As we mentioned earlier in this chapter, XML lets you include or ignore whole sections of your DTD, so you can tailor the language for alternative uses. The HTML DTD, for instance, defines transitional, strict, and frame-based versions of the language. DTD authors can select the portions of the DTD they plan to include or ignore by using XML conditional directives:
<![INCLUDE [ ...any XML content... ]]>
<![IGNORE [ ...any XML content... ]]>
The XML processor either includes or ignores the contents, respectively. Conditional sections may be nested, with the caveat that all sections contained within an ignored section are ignored, even if they are set to be included.

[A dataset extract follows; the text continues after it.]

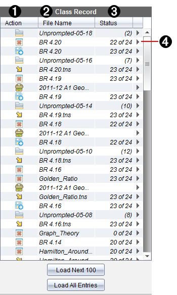 Depuis l’Enregistrement de classe, vous pouvez ouvrir un classeur dans l’espace de travail Évaluer, enregistrer un classeur dans l’espace de travail Portfolio, regrouper des fichiers provenant de l’espace de travail Enregistrement de classe, envoyer et supprimer des fichiers à l’aide de la barre d’outils ou encore visualiser les propriétés du classeur via Enregistrer propriétés élément, pour tous les classeurs TI‑Nspire™ à l’exception des fichiers Questions rapides.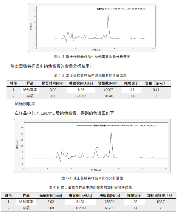 參考標(biāo)準(zhǔn):GB/T 21915-2008《食品中納他霉素的測(cè)定 液相色譜法》,分析瑞士蛋糕卷中納他霉素的含量

You rarely see a DTD with the INCLUDE and IGNORE keywords spelled out. Instead, you see parameter entities that document why the section is being included or ignored. Suppose you are creating a DTD to exchange construction plans among builders. Since you have an international customer base, you build a DTD that can handle both U.S. and metric units. You might define two parameter entities, thusly:
<!ENTITY % English "INCLUDE"> <!ENTITY % Metric "IGNORE">
You would then place all the English-specific declarations in a conditional section and isolate the metric declarations similarly:
<![%English [ ...English stuff here... ]]> <![%Metric [ ...Metric stuff here... ]]>
To use the DTD for English construction jobs, define %English as INCLUDE and %Metric as IGNORE, which causes your DTD to use the English declarations. For metric construction, reverse the two settings, ignoring the English section and including the metric section.